Anyone who drives should have a vehicle survival kit for emergencies. Just ask Capt. Rick Roberts of the Alaska State Troopers. During his 22-year career, he’s patrolled in weather as cold as minus 52 degrees Fahrenheit.
One night he responded to a call from a man who’d hit a moose at minus 30 degrees. Most of the vehicle windows shattered in the accident.
“He was in his snow pants, parka and gloves, waiting for me,” Roberts said. “He was safe because he had the right kind of equipment.”
Most people don’t drive in conditions that severe. But everyone needs to be prepared to get out of trouble or to survive until help arrives. Roberts tells us everything you need to have in your car survival kit to keep yourself out of trouble and safe.
Warm clothing & gear
Roberts has seen accidents where drivers suffered frostbite while waiting for the ambulance. Even if your region isn’t that cold, hypothermia (a potentially fatal drop in core body temperature) is a possibility. And if someone is injured, you need to keep them warm to help prevent shock.
In extreme weather conditions, it's also important to protect your home from the cold. Here's how.
A survival kit should hold warm clothing that can be layered: sweaters, fleece pullovers, sweatshirts, wool socks, long underwear or fleece pants. It should also include a warm hat and gloves for everyone in the vehicle.
Commercial survival kits often have “space blankets,” plastic sheets sprayed with a thin layer of aluminum. But a real blanket – or better yet, a sleeping bag – provides optimum results. (Pro tip: Look for a microfiber blanket that can be rolled up and tied tightly. It will take up less room in the trunk.)
A small, good-quality flashlight is essential. Roberts prefers a headlamp, which keeps your hands free. Headlamps are available at outdoors shops, in the hunting and camping section of discount stores or at retailers like Costco.
If it’s a nighttime emergency, illuminate the site to warn oncoming motorists. Your car survival kit can include a light-reflecting warning triangles — some models include flashing LED lights.
It’s also possible to buy LED road safety flares, which last longer than the kind that burn. They’re also safer, according to Roberts: “Almost all of my duty boots have burns on them, from material coming off the flare.”
Store a basic first-aid kit for minor injuries after an accident (or those that occur while you try to get yourself out of a ditch). Keeping it in the glove compartment will free up a little room in the trunk.
A jug of windshield washer fluid in the trunk will improve your visibility on the road. Since headlights can get smeared with slush, pack a rag or paper towels to clean them.

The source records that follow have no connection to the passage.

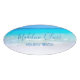 Iconic beach scene featuring mainly blue and aqua colours is the background of this Holiday Rental business name badge.
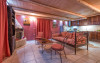 Parter: living cu semineu si 2 paturi twin si canapea extensibila, bucatarie si baie.
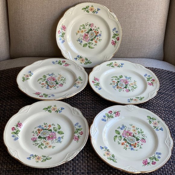 Vintage Homer Laughlin SPRINGTIME, Virginia Rose Shape, Set of 5 Dessert 6 1/2"
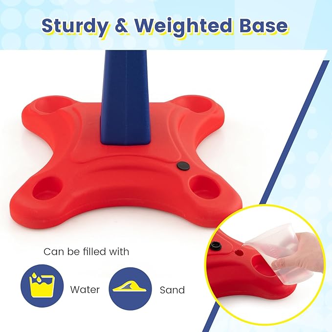 - 【Safe Material & Stable Base】 Made of premium HDPE and with ASTM certification, this basketball hoop stand is non-toxic, odorless and durable. The thickened pole and wide base ensures great safety and stability when playing competitive games. And there is a hole for you to fill the base with water or sand to increase stability.
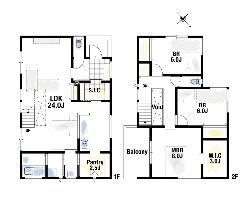 間取り4号地 : 3LDK+W.I.C+S.I.C+パントリー
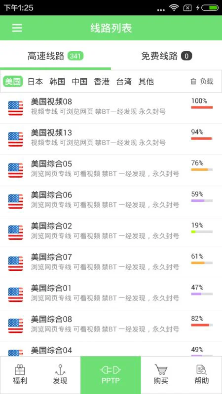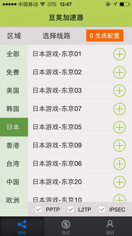 之后需要选择几个线路添加,全部选择日本线路,这里推荐日本东京12号线路,比较稳定,亲测可以进入游戏;

Keep booster cables in the trunk year-round. Have a pair of work gloves in there, too, because things can get messy under the hood.

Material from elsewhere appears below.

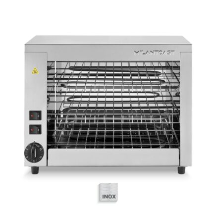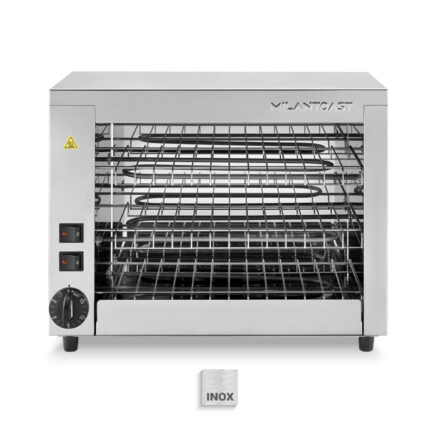 Διαστάσεις 430x230x230(h)mm Σχάρες 1 Λαβίδες 0 Ισχύς 1,85 ΚWatt, 230V / 50Hz Χωρητικότητα 3 φέτες Καθαρό άνοιγμα 8 cm Αντίσταση Quartz Χρονοδιακόπτης 15 min Κατασκευή Inox Συρτάρι για τα ψίχουλα ΠΡΟΑΙΡΕΤΙΚΟΣ ΕΞΟΠΛΙΣΜΟΣ Λαβίδα (Κωδικός προϊόντος 14260) – Αρχική Τιμή: 33€
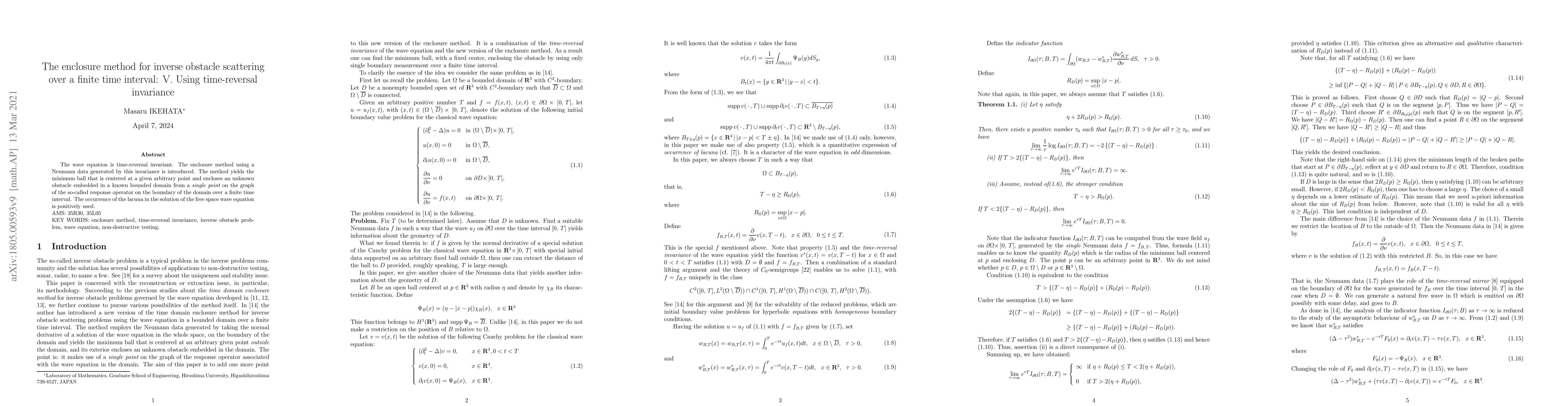This paper introduces an enclosure method leveraging time-reversal invariance for inverse obstacle scattering, determining the minimum ball enclosing an unknown obstacle using Neumann data over a finite time interval. The method exploits the lacuna in the free space wave equation solution to achieve this.

Knowing how to change a tire gets you back on the road quicker. Roadside assistance or a tow truck could take a long time when the weather is bad. (Don’t forget to keep a spare on you!)

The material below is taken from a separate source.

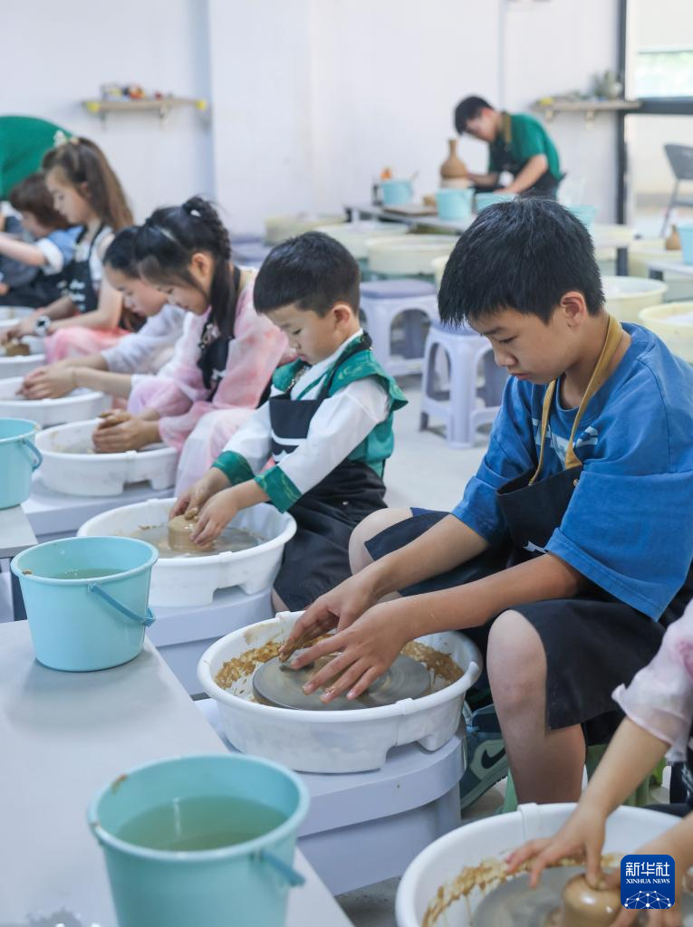 7月3日,在慈溪市匡堰镇上林湖青瓷文化传承园的暑期青瓷文化课堂上,小学生在工作人员的带领下体验青瓷拉坯。

If you don’t keep an extra phone charging cable in your car, now’s the time to get one. This will ensure you can call for help (assuming there’s a signal).
A paperback or a deck of cards won’t take up much room in the survival kit, but could be very useful during long waits for help.
Be ready to dig
Live in a snowy place? Always keep a shovel in the trunk, in case you get stuck or go off the road. Smaller shovels are available if space is limited, including ones that fold up.
A little bag of sand, which can be sprinkled under the wheels, could provide the traction you need to get back on the road. “Safety absorbent,” which is used to soak up oil and grease in garages, works as well as sand and can be easier to obtain, according to The Family Handyman.
Avoid going hungry
Being stranded somewhere is bad enough. Being stranded while hungry is much worse, especially if you have a kid in the car.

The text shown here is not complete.